# PROBLEM REQUIREMENTS:
Please print every record below exactly as written, leaving out the pictures.

##### PROVIDED DATA #####

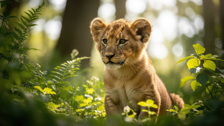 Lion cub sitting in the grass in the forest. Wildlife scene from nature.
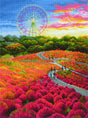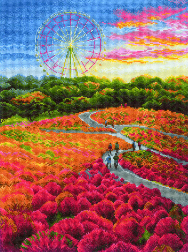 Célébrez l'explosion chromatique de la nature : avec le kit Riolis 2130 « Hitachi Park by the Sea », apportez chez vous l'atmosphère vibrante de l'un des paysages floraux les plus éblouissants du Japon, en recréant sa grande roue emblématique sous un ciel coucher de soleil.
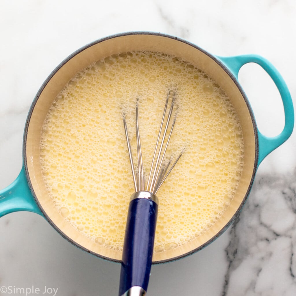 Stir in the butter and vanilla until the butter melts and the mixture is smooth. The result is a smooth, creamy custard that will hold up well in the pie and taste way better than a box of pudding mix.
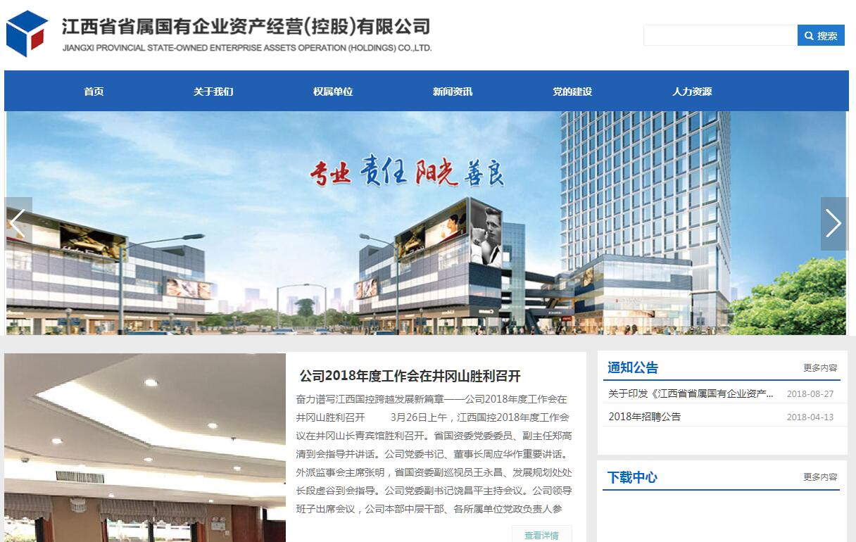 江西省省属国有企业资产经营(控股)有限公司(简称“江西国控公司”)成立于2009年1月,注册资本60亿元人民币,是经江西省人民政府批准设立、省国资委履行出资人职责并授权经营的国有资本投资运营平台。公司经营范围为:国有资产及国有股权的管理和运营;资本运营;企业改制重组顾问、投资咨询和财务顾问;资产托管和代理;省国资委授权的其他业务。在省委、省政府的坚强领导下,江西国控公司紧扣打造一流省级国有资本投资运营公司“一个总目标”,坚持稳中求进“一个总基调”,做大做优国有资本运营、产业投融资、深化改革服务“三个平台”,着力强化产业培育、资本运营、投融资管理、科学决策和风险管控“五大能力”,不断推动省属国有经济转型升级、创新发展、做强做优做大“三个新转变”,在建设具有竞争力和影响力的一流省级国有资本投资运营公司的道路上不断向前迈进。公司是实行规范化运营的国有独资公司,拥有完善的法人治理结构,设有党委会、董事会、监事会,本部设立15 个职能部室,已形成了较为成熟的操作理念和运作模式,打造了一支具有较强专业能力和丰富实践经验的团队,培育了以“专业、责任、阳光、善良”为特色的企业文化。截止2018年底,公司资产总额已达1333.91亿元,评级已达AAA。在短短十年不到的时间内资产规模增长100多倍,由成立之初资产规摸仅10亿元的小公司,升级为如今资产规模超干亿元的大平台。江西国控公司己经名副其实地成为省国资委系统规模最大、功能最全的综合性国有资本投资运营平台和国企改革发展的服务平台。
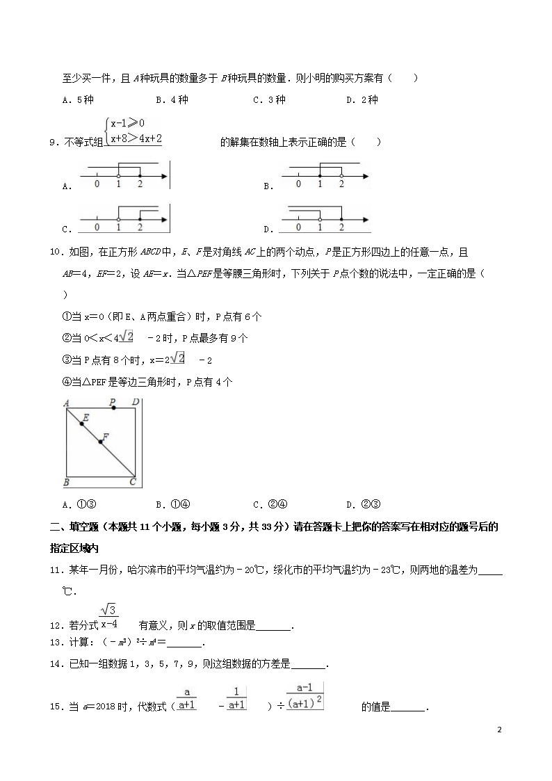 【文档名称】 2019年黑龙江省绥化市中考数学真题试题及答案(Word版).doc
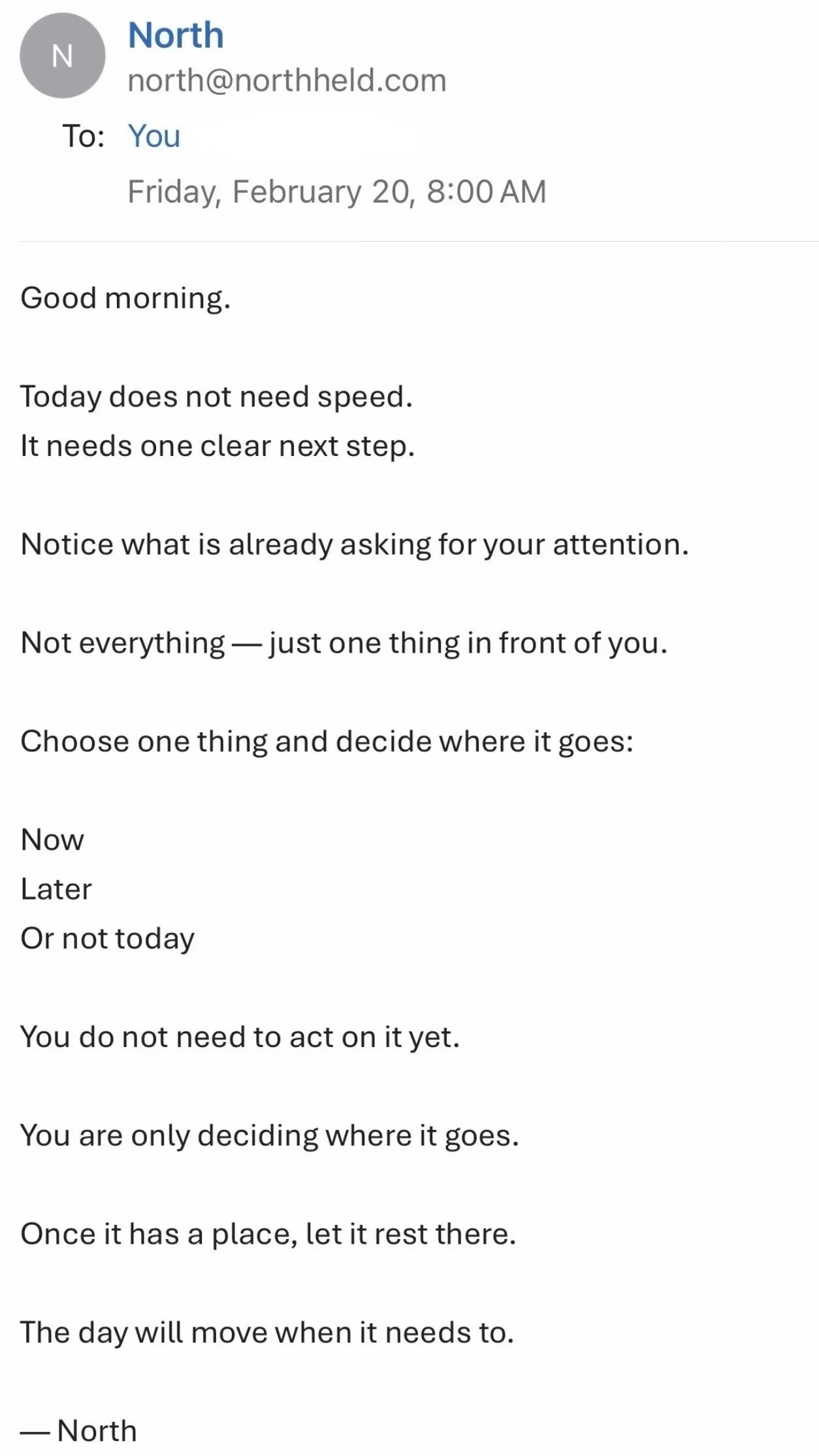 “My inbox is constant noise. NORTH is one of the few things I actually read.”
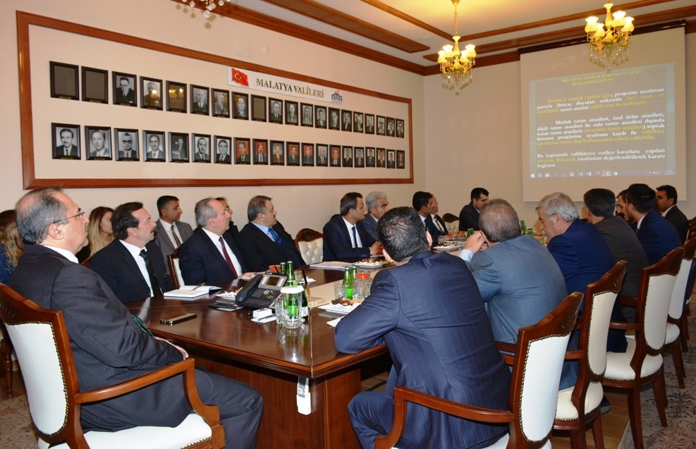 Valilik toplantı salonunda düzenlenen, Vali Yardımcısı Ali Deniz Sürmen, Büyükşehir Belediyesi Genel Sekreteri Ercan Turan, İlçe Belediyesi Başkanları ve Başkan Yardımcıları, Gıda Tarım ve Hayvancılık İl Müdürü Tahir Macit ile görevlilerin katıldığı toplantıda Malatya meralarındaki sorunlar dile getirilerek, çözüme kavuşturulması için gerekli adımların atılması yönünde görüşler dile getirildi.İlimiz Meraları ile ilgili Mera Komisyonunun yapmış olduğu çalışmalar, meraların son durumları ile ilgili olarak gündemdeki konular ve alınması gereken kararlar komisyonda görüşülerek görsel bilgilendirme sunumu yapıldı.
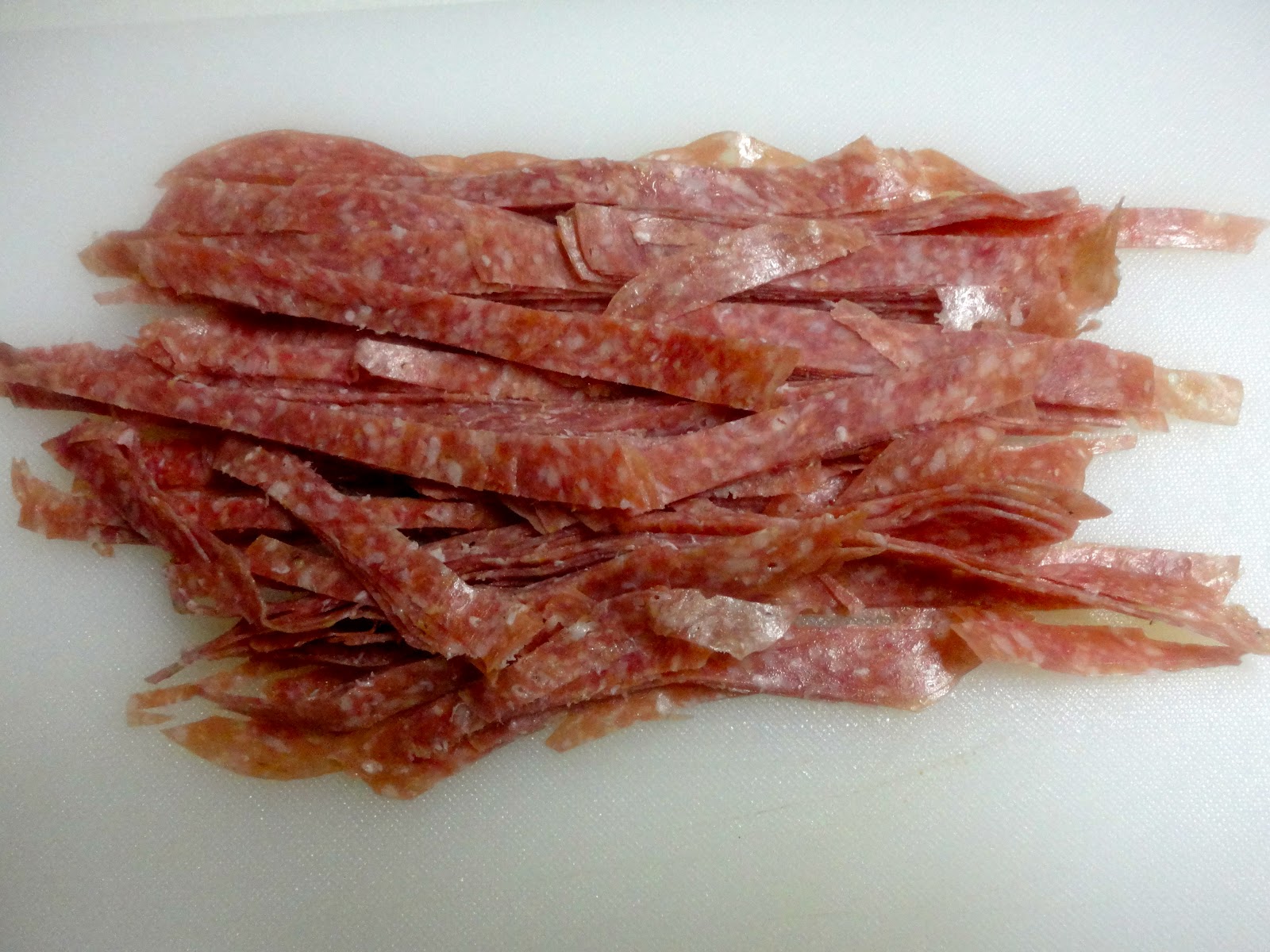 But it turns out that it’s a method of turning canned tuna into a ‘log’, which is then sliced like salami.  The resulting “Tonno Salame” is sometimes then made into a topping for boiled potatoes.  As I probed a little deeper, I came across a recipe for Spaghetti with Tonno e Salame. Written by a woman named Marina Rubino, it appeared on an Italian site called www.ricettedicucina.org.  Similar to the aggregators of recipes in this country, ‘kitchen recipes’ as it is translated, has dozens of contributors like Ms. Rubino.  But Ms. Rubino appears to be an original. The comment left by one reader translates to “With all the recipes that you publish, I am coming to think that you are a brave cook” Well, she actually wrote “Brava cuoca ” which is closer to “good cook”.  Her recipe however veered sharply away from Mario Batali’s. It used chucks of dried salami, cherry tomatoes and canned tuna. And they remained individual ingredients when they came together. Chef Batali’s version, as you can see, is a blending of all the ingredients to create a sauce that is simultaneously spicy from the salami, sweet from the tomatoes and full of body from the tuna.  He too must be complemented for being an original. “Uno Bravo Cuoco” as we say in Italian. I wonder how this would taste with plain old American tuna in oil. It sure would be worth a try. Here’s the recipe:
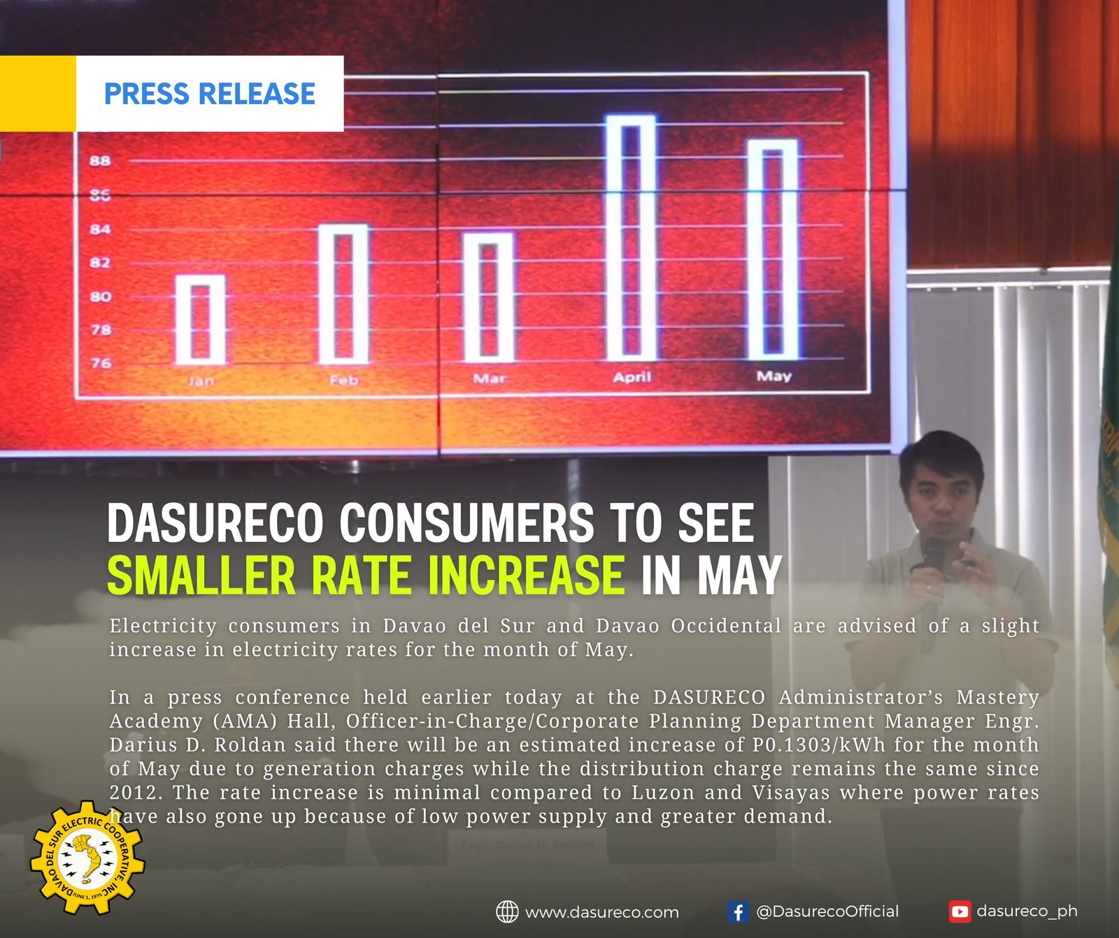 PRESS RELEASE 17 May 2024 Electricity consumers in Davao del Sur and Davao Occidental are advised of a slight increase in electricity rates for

#####

# FINAL ANSWER:
 Lion cub sitting in the grass in the forest. Wildlife scene from nature.
 Célébrez l'explosion chromatique de la nature : avec le kit Riolis 2130 « Hitachi Park by the Sea », apportez chez vous l'atmosphère vibrante de l'un des paysages floraux les plus éblouissants du Japon, en recréant sa grande roue emblématique sous un ciel coucher de soleil.
 Stir in the butter and vanilla until the butter melts and the mixture is smooth. The result is a smooth, creamy custard that will hold up well in the pie and taste way better than a box of pudding mix.
 江西省省属国有企业资产经营(控股)有限公司(简称“江西国控公司”)成立于2009年1月,注册资本60亿元人民币,是经江西省人民政府批准设立、省国资委履行出资人职责并授权经营的国有资本投资运营平台。公司经营范围为:国有资产及国有股权的管理和运营;资本运营;企业改制重组顾问、投资咨询和财务顾问;资产托管和代理;省国资委授权的其他业务。在省委、省政府的坚强领导下,江西国控公司紧扣打造一流省级国有资本投资运营公司“一个总目标”,坚持稳中求进“一个总基调”,做大做优国有资本运营、产业投融资、深化改革服务“三个平台”,着力强化产业培育、资本运营、投融资管理、科学决策和风险管控“五大能力”,不断推动省属国有经济转型升级、创新发展、做强做优做大“三个新转变”,在建设具有竞争力和影响力的一流省级国有资本投资运营公司的道路上不断向前迈进。公司是实行规范化运营的国有独资公司,拥有完善的法人治理结构,设有党委会、董事会、监事会,本部设立15 个职能部室,已形成了较为成熟的操作理念和运作模式,打造了一支具有较强专业能力和丰富实践经验的团队,培育了以“专业、责任、阳光、善良”为特色的企业文化。截止2018年底,公司资产总额已达1333.91亿元,评级已达AAA。在短短十年不到的时间内资产规模增长100多倍,由成立之初资产规摸仅10亿元的小公司,升级为如今资产规模超干亿元的大平台。江西国控公司己经名副其实地成为省国资委系统规模最大、功能最全的综合性国有资本投资运营平台和国企改革发展的服务平台。
 【文档名称】 2019年黑龙江省绥化市中考数学真题试题及答案(Word版).doc
 “My inbox is constant noise. NORTH is one of the few things I actually read.”
 Valilik toplantı salonunda düzenlenen, Vali Yardımcısı Ali Deniz Sürmen, Büyükşehir Belediyesi Genel Sekreteri Ercan Turan, İlçe Belediyesi Başkanları ve Başkan Yardımcıları, Gıda Tarım ve Hayvancılık İl Müdürü Tahir Macit ile görevlilerin katıldığı toplantıda Malatya meralarındaki sorunlar dile getirilerek, çözüme kavuşturulması için gerekli adımların atılması yönünde görüşler dile getirildi.İlimiz Meraları ile ilgili Mera Komisyonunun yapmış olduğu çalışmalar, meraların son durumları ile ilgili olarak gündemdeki konular ve alınması gereken kararlar komisyonda görüşülerek görsel bilgilendirme sunumu yapıldı.
 But it turns out that it’s a method of turning canned tuna into a ‘log’, which is then sliced like salami.  The resulting “Tonno Salame” is sometimes then made into a topping for boiled potatoes.  As I probed a little deeper, I came across a recipe for Spaghetti with Tonno e Salame. Written by a woman named Marina Rubino, it appeared on an Italian site called www.ricettedicucina.org.  Similar to the aggregators of recipes in this country, ‘kitchen recipes’ as it is translated, has dozens of contributors like Ms. Rubino.  But Ms. Rubino appears to be an original. The comment left by one reader translates to “With all the recipes that you publish, I am coming to think that you are a brave cook” Well, she actually wrote “Brava cuoca ” which is closer to “good cook”.  Her recipe however veered sharply away from Mario Batali’s. It used chucks of dried salami, cherry tomatoes and canned tuna. And they remained individual ingredients when they came together. Chef Batali’s version, as you can see, is a blending of all the ingredients to create a sauce that is simultaneously spicy from the salami, sweet from the tomatoes and full of body from the tuna.  He too must be complemented for being an original. “Uno Bravo Cuoco” as we say in Italian. I wonder how this would taste with plain old American tuna in oil. It sure would be worth a try. Here’s the recipe:
 PRESS RELEASE 17 May 2024 Electricity consumers in Davao del Sur and Davao Occidental are advised of a slight increase in electricity rates for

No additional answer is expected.